An auxiliary mode of apoptotic DNA fragmentation provided by phagocytes
- Dorian McIlroy1,2,
- Masato Tanaka1,2,
- Hideki Sakahira1,2,
- Hidehiro Fukuyama1,2,
- Misao Suzuki3,
- Ken-ichi Yamamura3,
- Yoshiyuki Ohsawa4,
- Yasuo Uchiyama4, and
- Shigekazu Nagata1,2,5
- 1Department of Genetics, and 4Cell Biology and Anatomy, Osaka University Medical School, and 2Core Research for Evolutional Science and Technology, Japan Science and Technology Corporation, Suita, Osaka 565-0871, Japan; 3Institute of Molecular Embryology and Genetics, Kumamoto University School of Medicine, Kumamoto 862-0976, Japan
Abstract
CAD (caspase-activated DNase) can cause DNA fragmentation in apoptotic cells. Transgenic mice that ubiquitously express a caspase-resistant form of the CAD inhibitor (ICAD) were generated. Thymocytes prepared from the mice were resistant to DNA fragmentation induced by a variety of stimuli.
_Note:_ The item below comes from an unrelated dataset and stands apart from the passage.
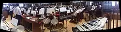 Vista de la sección de percusión de una orquesta desde la parte de atrás de un escenario. Son visibles las campanas tubulares a la derecha.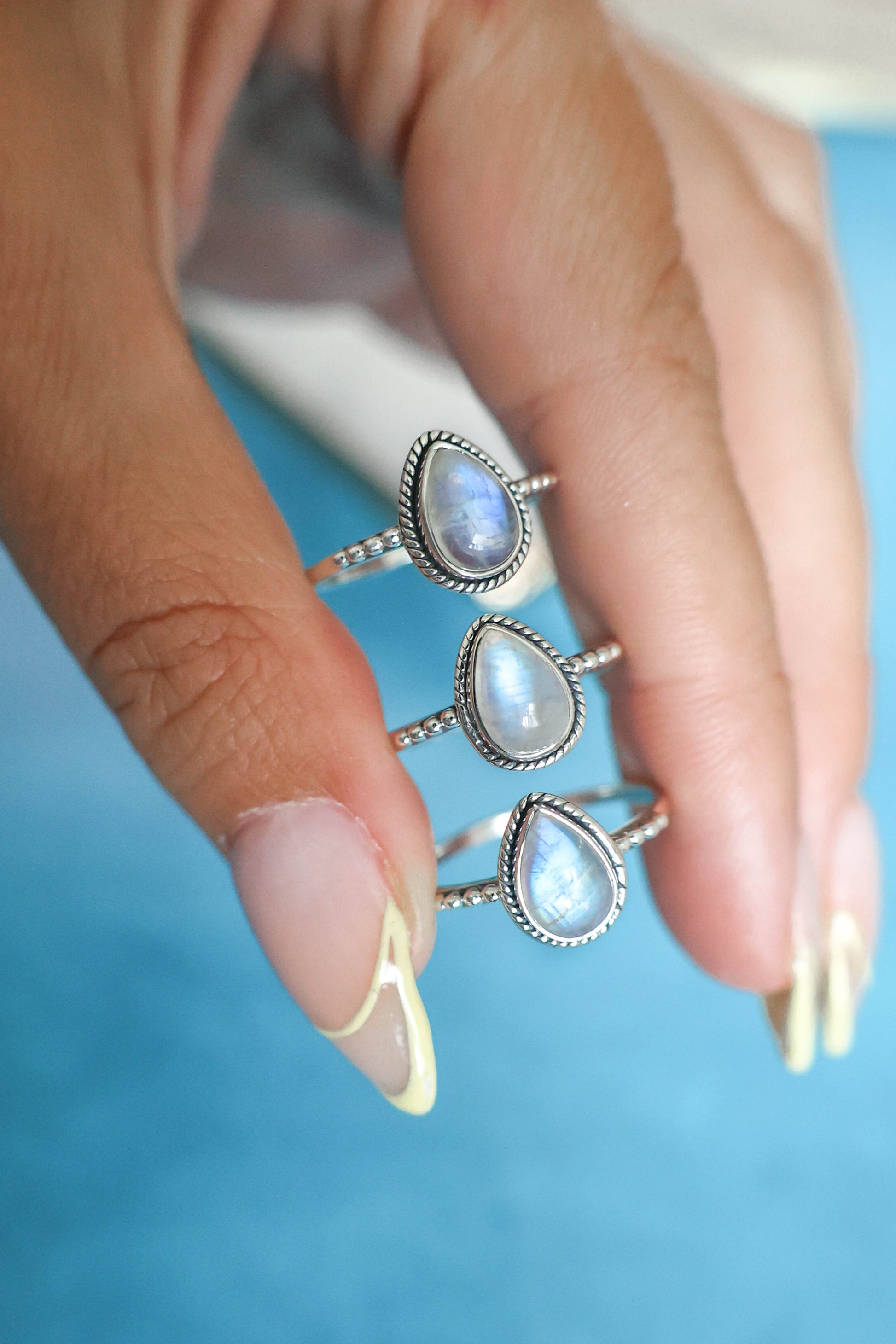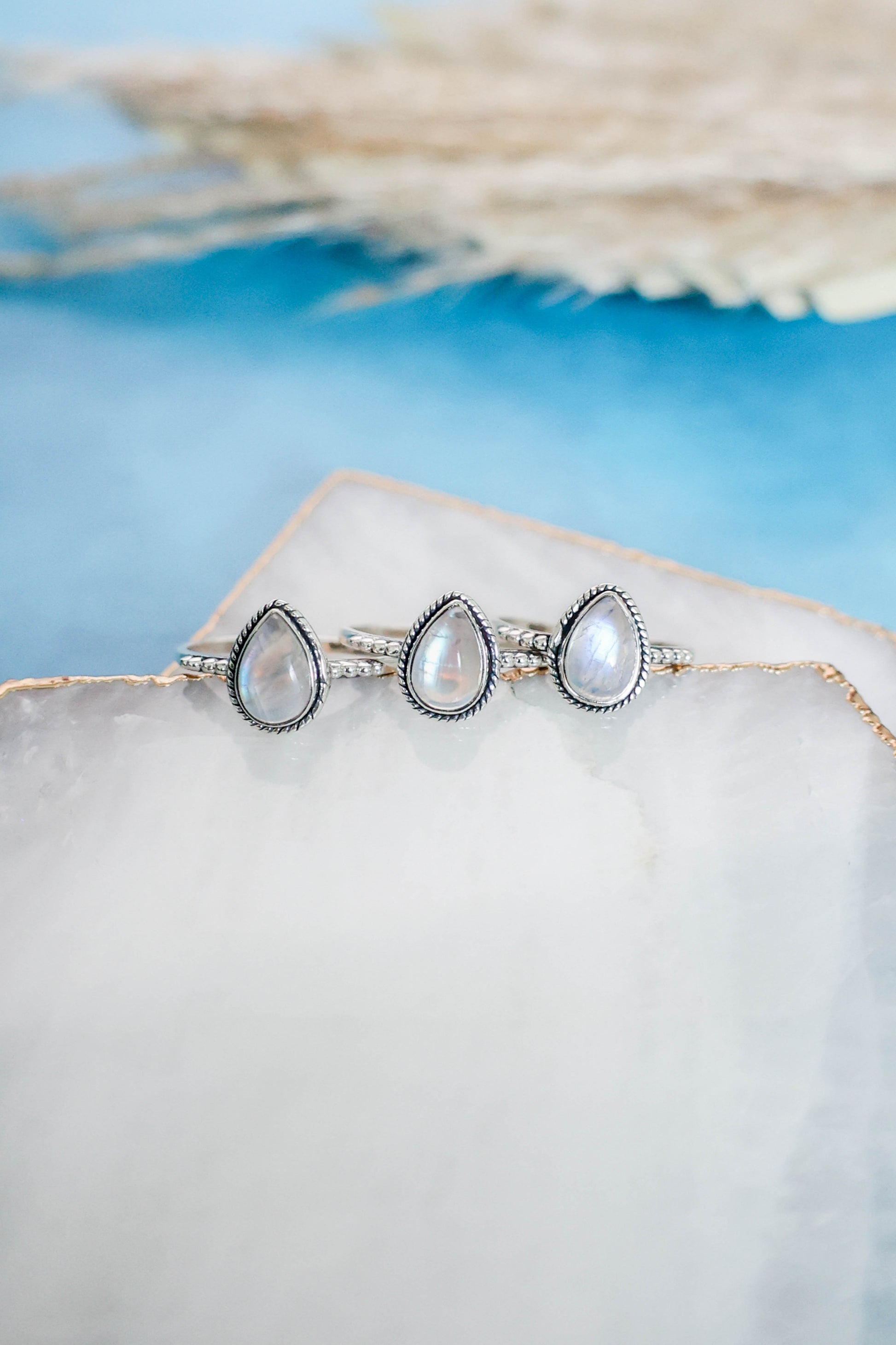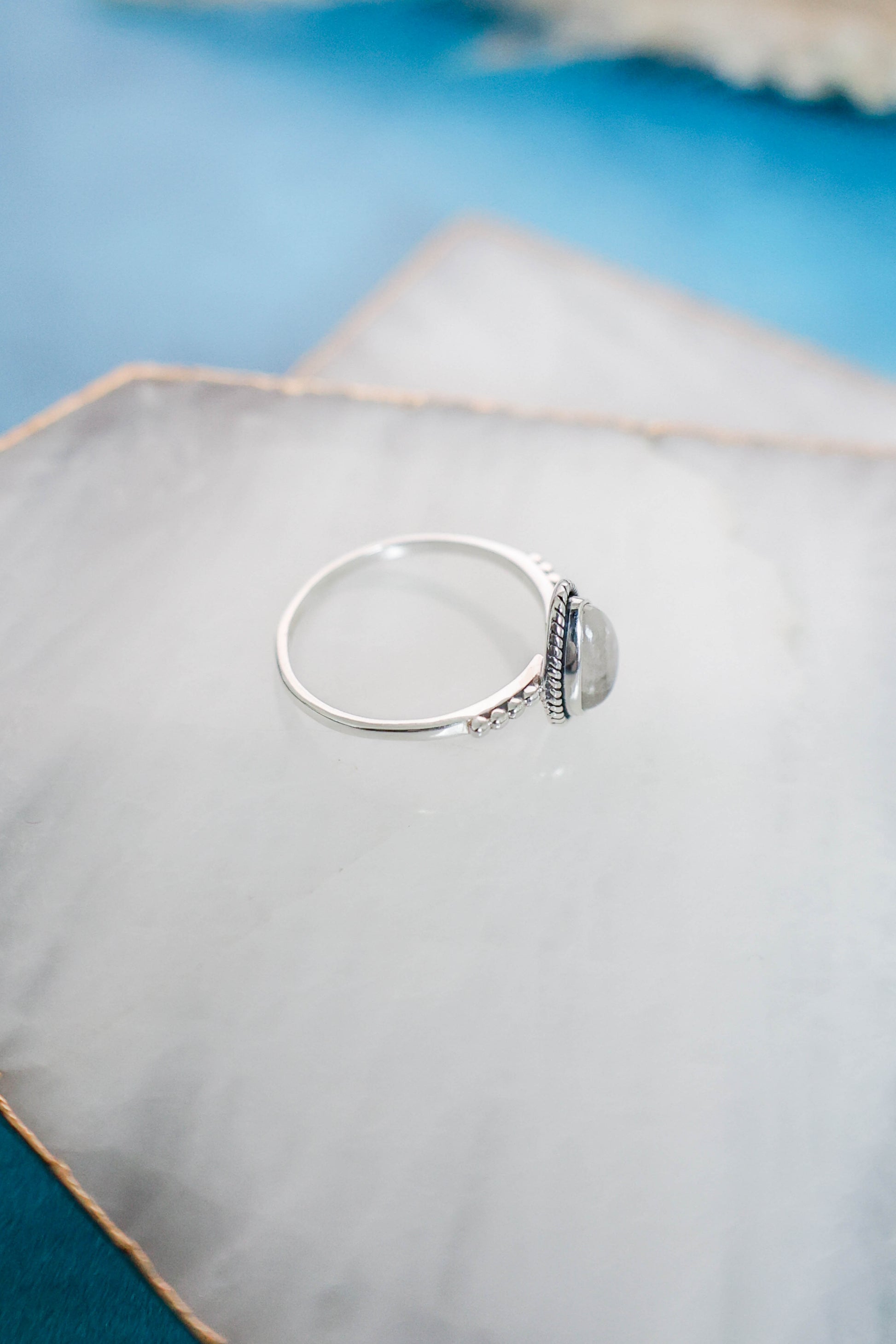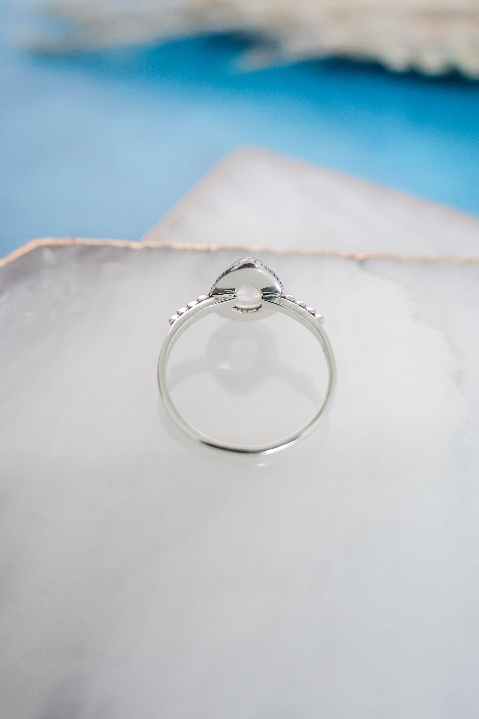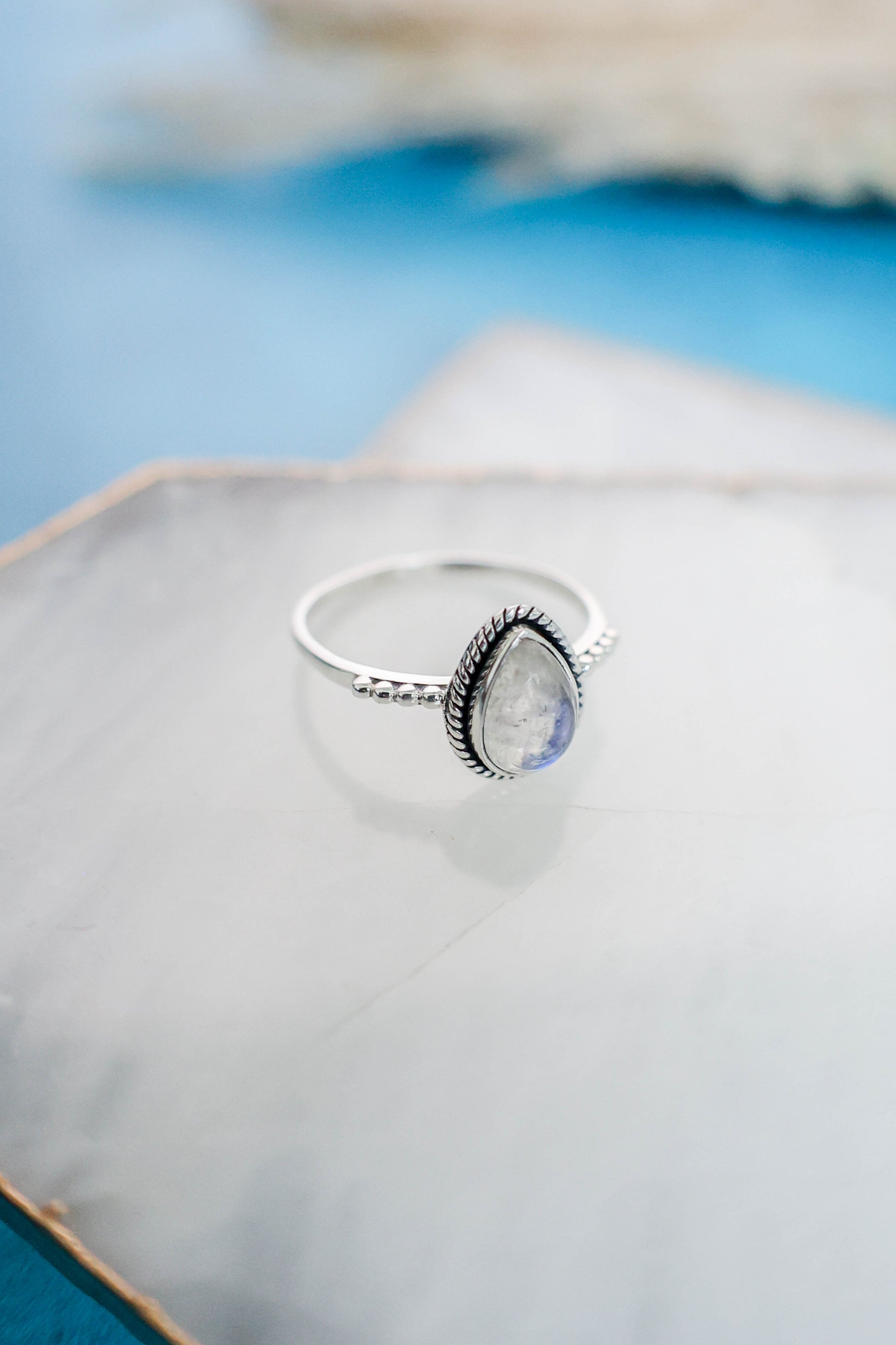 The perfect simple but cute, all day, every day ring! This dainty pear shaped rainbow moonstone ring with rope detailing surrounding the stone and a studded detail band is set in 925 sterling silver. This is one of our best sellers, so you can't go wrong with this cutie for you, or as a gift!

However, similar numbers of TUNEL-positive cells were present in adult tissues of transgenic and wild-type mice. Exposure to γ-irradiation caused a striking increase in the number of TUNEL-positive cells in the thymus of wild-type, but not transgenic, mice. TUNEL-positive nuclei in transgenic mice were confined to thymic macrophages. When apoptotic thymocytes from the transgenic mice were cocultured with macrophages, the thymocytes underwent phagocytosis and their chromosomal DNA underwent fragmentation. This DNA fragmentation was sensitive to inhibitors that block the acidification of lysosomes. Hence, we conclude that the DNA fragmentation that occurs during apoptosis not only can result cell-autonomously from CAD activity but can also be attributed to a lysosomal acid DNase(s), most likely DNase II, after the apoptotic cells are engulfed.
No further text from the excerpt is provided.